9 Nisan 2012 Pazartesi

Irak Hükümeti ve Güney Kürdistan Bölge Hükümeti Arasındaki Kriz Derinleşiyor

Hewler ile Badat arasındaki kriz, Kürtlerin geçmişte yaşadıkları yanılgıları ve ilerde yaşanabilecek çatışmaların önemli ipuçlarını taşıyor. Genel hatları Mesut Barzani 21 Mart'ta yaptığı konuşmayla ortaya çıkan kriz temellerini Anayasanın muğlâk yapısı ve çözülmemiş stratejik konulardan alıyor ve bölgesel gerilimlerle birleşip ağırlaşıyor. Elbette bu sorunlar bazı görüşmeler ve küçük adımlarla geçiştirilecektir. Ancak sorun geçtiğimiz on yılda olduğu gibi yine sürüncemeye bırakılacak.

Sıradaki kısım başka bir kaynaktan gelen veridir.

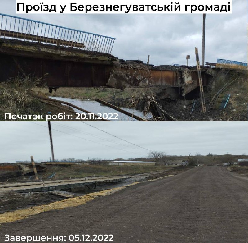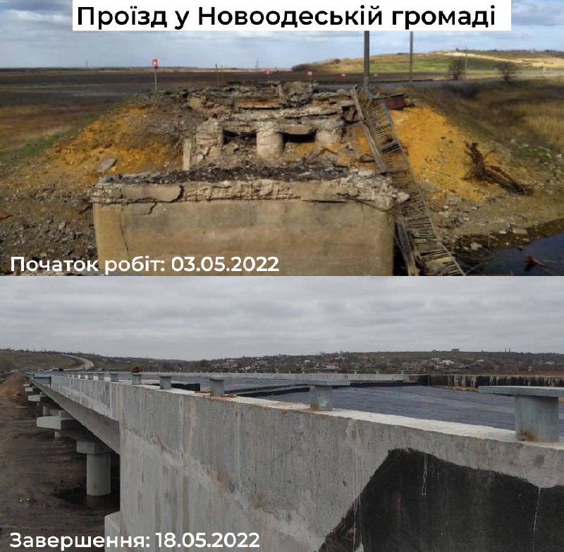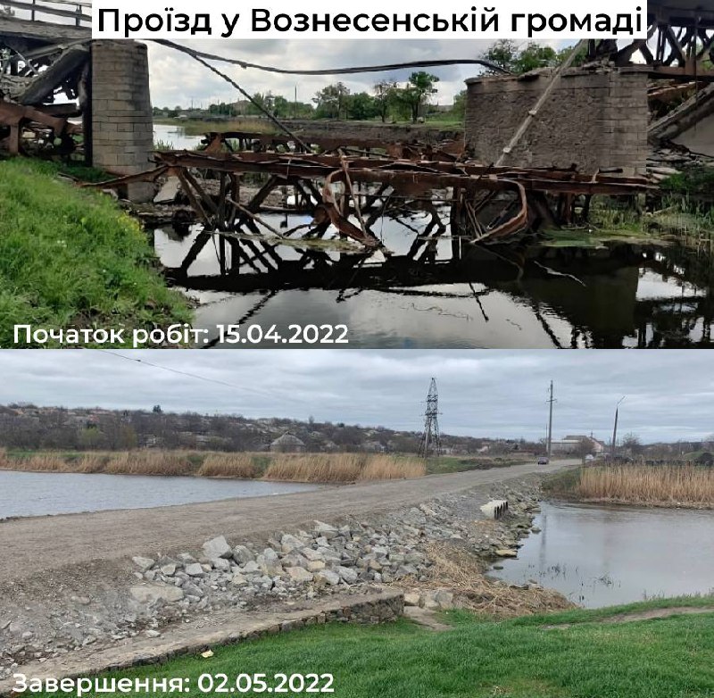 Все це стало можливо завдяки співпраці Миколаївської ОВА з Державною спеціальною службою транспорту, Службою автомобільних доріг у Миколаївській області, Управлінням каналів річки Інгулець та фандрейзинговою платформою United24.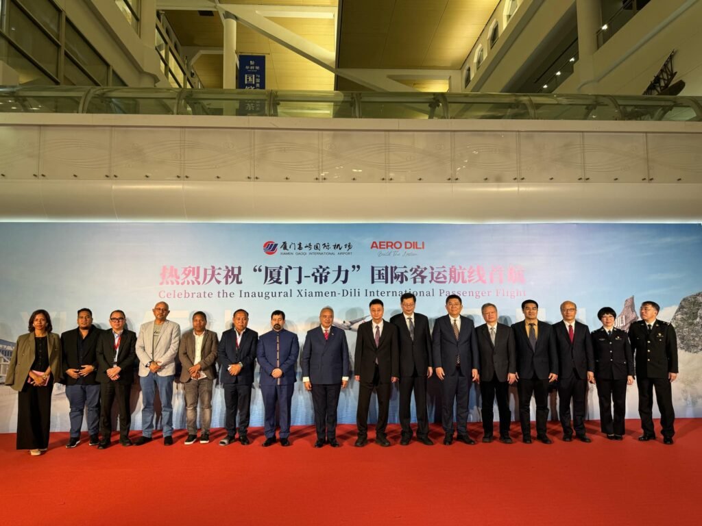 Vise PM no Ministru Koordenadór Asuntus Ekonómikus no Ministru Turízmu no Ambiente, Francisco Kalbuadi Lay konsidera, Emprezáriu Timoroan Aero Dili, Lourenço de Oliveira ho Autoridade Aviasaun Sivíl Timor-Leste (AACTL) marka istória tan foun ida ba nasaun rua ne’e liu hosi konektividade transporte aérea entre Dili-Xiamen.

Hewler, Kürtler, Araplar ve Şiilerin ortaklığın bozulduğunu, yasalara müdahale edildiğini ifade edip Nuri Maliki'yi tekelleştirip Hewler protokolünü unutmakla eleştirdi. Barzani sorunların çözülmemesi halinde bağımsızlıklarını ilan edeceklerini ifade ediyor.

Güney Kürdistan hükümeti Kerkük ve bağlı bölgeler sorunun sürüncemede bırakılmasını Peşmergeye düşmanlık yapıldığı, daha şimdiden kendileri için ayrılan bütçenin verilmediğinden şikâyet edip Bağdat’ın 1 milyonluk ordu kurma girişimlerinden haklı olarak büyük endişe duyduğunu ifade ediyor. Irak'ın ihtiyaç duyabileceği savunma gücünden çok daha fazla bir stratejik gücü ifade eden bu ordu Kürtler için ölümcül sonuçlara yol açacaktır.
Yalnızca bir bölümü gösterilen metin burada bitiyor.